In the jungle Posted on January 19, 2022

In a recent Green Planet film David Attenborough strolls nonchalantly through a Costa Rica jungle, before introducing its constituents and inhabitants. The sequence instantly reminded me of an extraordinary evocation of a Malayan jungle by Isabella Bird in her 1870 book The Golden Chersonese and the way Thither. Miss Bird was a peerless (also fearless) explorer and vivid narrator. Her books on Malaya (the ‘Chersonese’) – which includes the first days of Hong Kong – on primitive Japan, on Hawaii, on the eastern U.S.A and Canada, on the Wild West (A Lady’s Life in the Rocky Mountains) on Persia, Kurdistan and Tibet are among the finest travelogues ever written. Her voice is confidential but her observation universal. She travels with me in my Kindle everywhere. Tune in and you will thank me for the introduction.
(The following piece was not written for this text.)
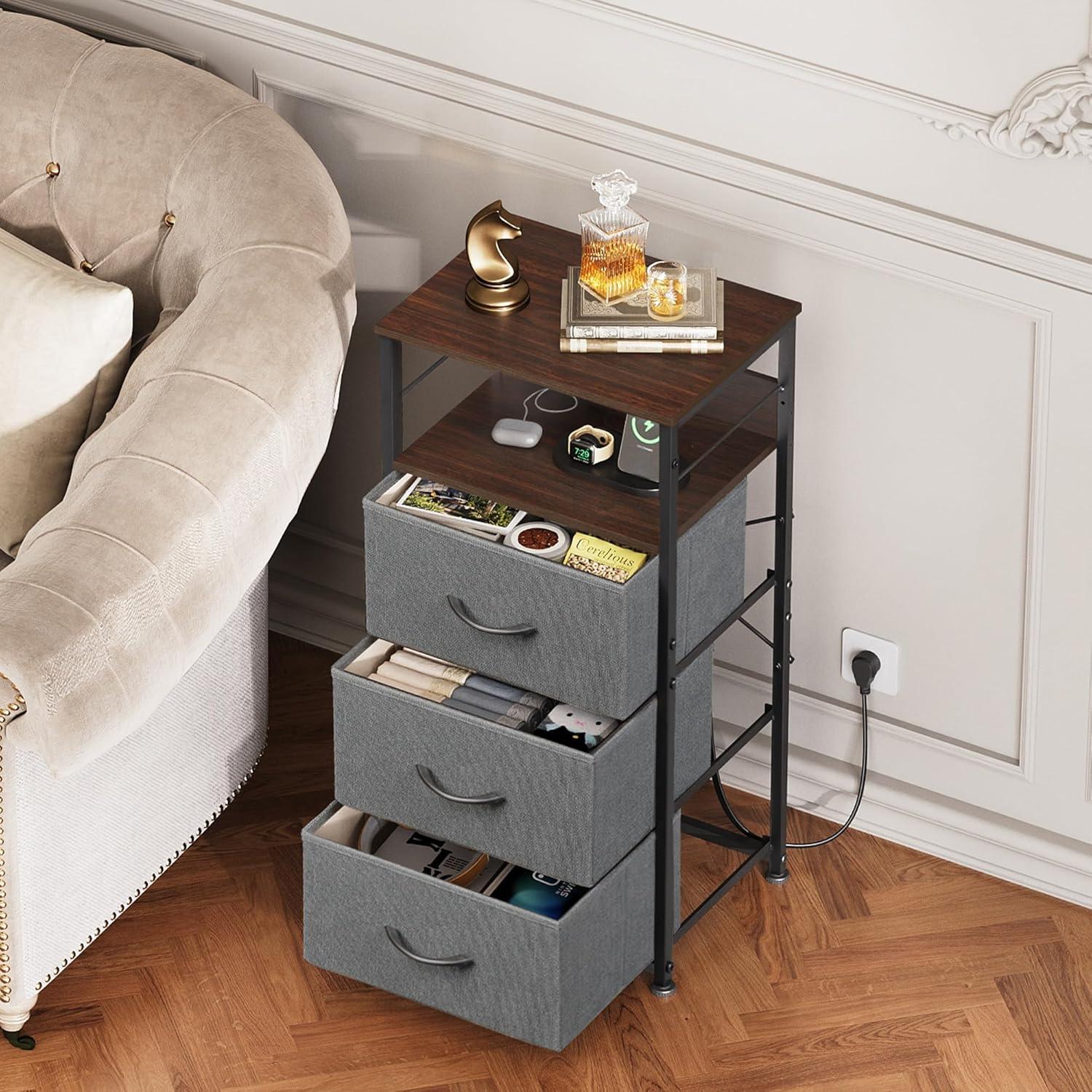 WLIVE White Night Stand with Charging Station, LED Nightstand with 3 Fabric Drawers, Tall Bedside Table with 3 USB Ports and 2 Outlets, Dresser for Small Space, 31.93" H Side Table for Bedroom(Dark Grey)

“Do not think of a jungle as I used to think of it, as an entanglement or thicket of profuse and matted scrub, for it is in these regions at least a noble forest of majestic trees, many of them supported at their roots by buttresses, behind which thirty men could find shelter. On many of the top branches of these, other trees have taken root from seeds deposited by birds and have attained considerable size; and all send down, as it appears, extraordinary cylindrical strands from two to six inches in diameter, and often one hundred and fifty feet in length, smooth and straight until they root themselves, looking like the guys of a mast. Under these giants stand the lesser trees grouped in glorious confusion, – coca, sago, areca, and gomuti palms, nipah and nibong palms, tree ferns fifteen and twenty feet high, the bread-fruit, the ebony, the damar, the india rubber, the gutta-percha, the cajeput, the banyan, the upas, the bombax or cotton tree, and hosts of others, many of which bear brilliant flowers.”

Miss Bird threads through this wilderness by night in a dug-out canoe, deafened by the racket, the shrieks, roars and crashes of the inhabitants, then lodges alone in a bungalow infested by snakes and surrounded by tigers, guarded by a policeman with a bayonet. If only the BBC film crew had been there.